One gardener’s quest to get to the bottom of it all.

Growing Again December 16, 2008

Playing with dirt

Almost eating dirt

This weekend I pulled out the dirt and the seeds and I started some lettuce, arugula, chard, spinach. It was very rewarding to have a tiny helper who was all too willing to get her hands dirty with the project. And it was wonderful to smell soil again.

It’s the heart of winter — cold blue outdoors until 7:30 am, on overcast days, and this town just shook off an ice storm that slicked every last twig and lasted for days.
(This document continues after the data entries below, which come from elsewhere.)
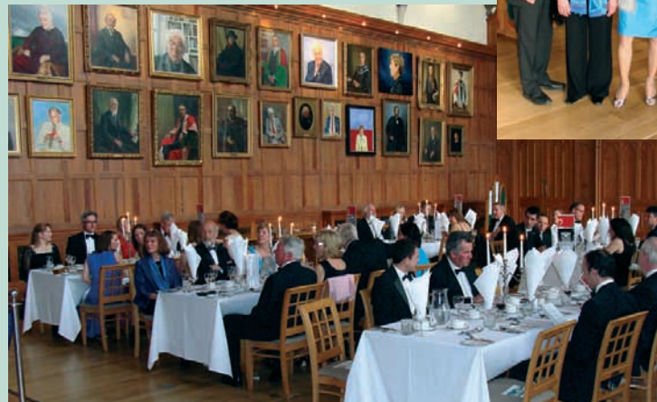
LINKS: Beim Charity Dinner at Queens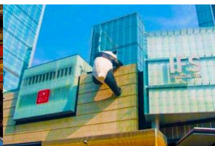
หมีแพนด้าปีนตึก ณ ตึก IFS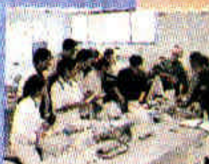
Estudiando los microorganismos del suelo

But we might just (knocking on wood, not counting any chickens) have homegrown salad soon. I have had the urge for several weeks to grow greens right here at home — maybe on the balcony in some elaborate miniature hothouse contraption, maybe under the dreaded, sap- and soul-sucking fake lights…or maybe, as it turns out, on the living room windowsill. That might do just fine.

Midwinter lettuce sprouts

Sprinting to the head of the class is some red leaf lettuce, which sprouted in three days and earned a place on said windowsill. This is pretty exciting stuff. The arugula and chard are sending up spindly shoots, over on a top shelf of the media center.

This is all it takes. I am already imagining a pea plant on the windowsill, sending tendrils all the way up to the curtain rod. Freya and I will eat snap peas for breakfast. I will just keep trying until it works, until some vegetable grows green enough to eat. Dude. Nothing like optimism on a sub-freezing day.


Oh, Girl! November 18, 2008

What a couple of incommunicado months. Sheesh. Is this still a blog? Yeah, but it’s a blog about a dedicated spring gardener who became an extremely negligent fall gardener.

(Wow, I had to test-drive that new feature! Nice.)

Dudes, I don’t even want to rehash the sad story of “the harvest.” In my case, it played out like a horror flick. Or, you know, I remember first hearing about the hunger-relief program Second Harvest — now, I’m confident that they work wonders, but, in my world, their name has always sounded like a euphemism for regurgitation. That’s how it was in my garden this fall, yo; harvest became a euphemism for what I was doing: clawing through blighted and blackened tomatoes just so I could salvage some seeds; letting the countless tomatilloes soften on the vine after determining that I don’t really like their taste. Then there was the lone pumpkin that harvested itself / fell to the ground, from whence I tried to gather it and instead came away with the softened stem in my hand (I lugged it home, anyway, where it turned foul within three days). Oh, the saga.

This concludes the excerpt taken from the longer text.